> _Exercise brief_
Because the pictures are not wanted, give back only the exact text of every entry below.

> _Stored data_
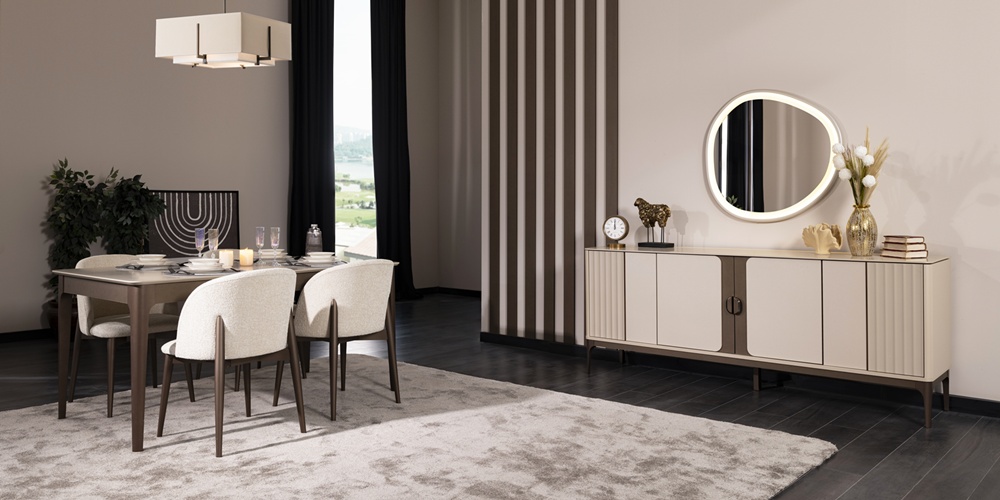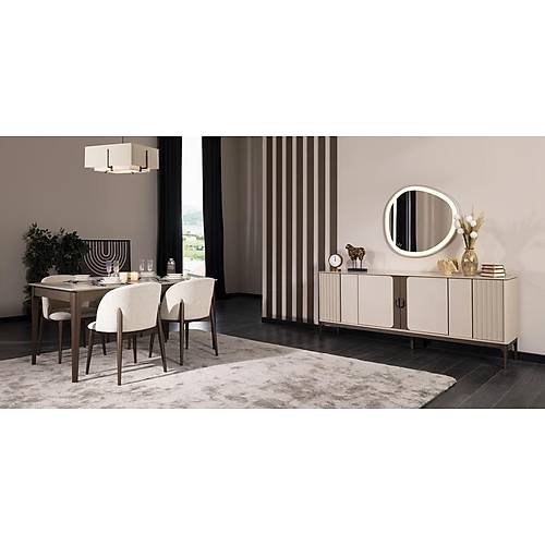 • Takım içeriği; Yemek masası, Konsol, 1 adet konsol aynası, 6 adet sandalyeden oluşmaktadır.
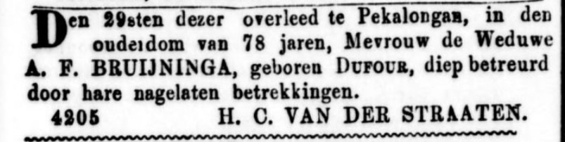 Anna Francina Dufour overlijden
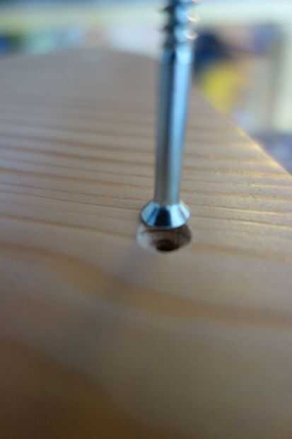 Perfore con la 1/8" bit en cada uno de los cuatro agujeros en los carriles de lado largo para poner hasta un orificio piloto en los tacos como puedas.
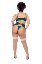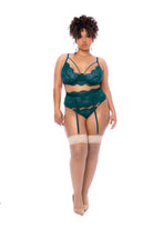 Rich hues of precious stones captured on your skin. Three-piece eyelash lace set featuring top with underwire and adjustable straps, garter belt, and matching thong. 8866X
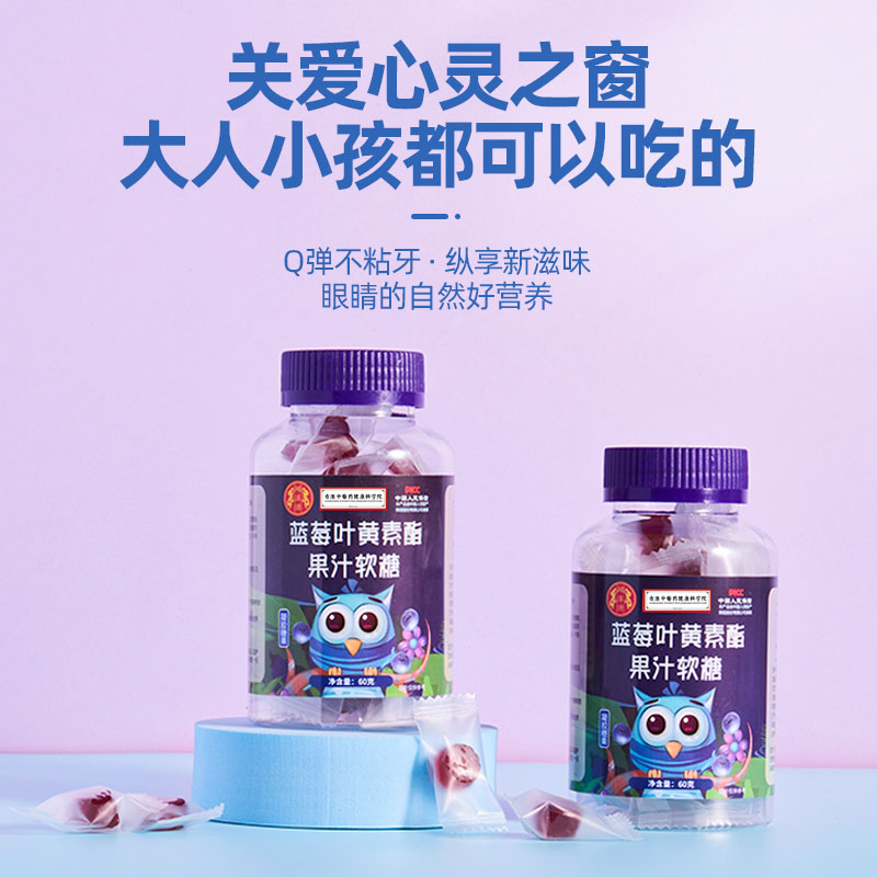 蓝莓叶黄素酯软糖60g瓶护眼儿童成人青少年官方旗舰店/蓝莓味糖果

> _Result for this exercise_
 • Takım içeriği; Yemek masası, Konsol, 1 adet konsol aynası, 6 adet sandalyeden oluşmaktadır.
 Anna Francina Dufour overlijden
 Perfore con la 1/8" bit en cada uno de los cuatro agujeros en los carriles de lado largo para poner hasta un orificio piloto en los tacos como puedas.
 Rich hues of precious stones captured on your skin. Three-piece eyelash lace set featuring top with underwire and adjustable straps, garter belt, and matching thong. 8866X
 蓝莓叶黄素酯软糖60g瓶护眼儿童成人青少年官方旗舰店/蓝莓味糖果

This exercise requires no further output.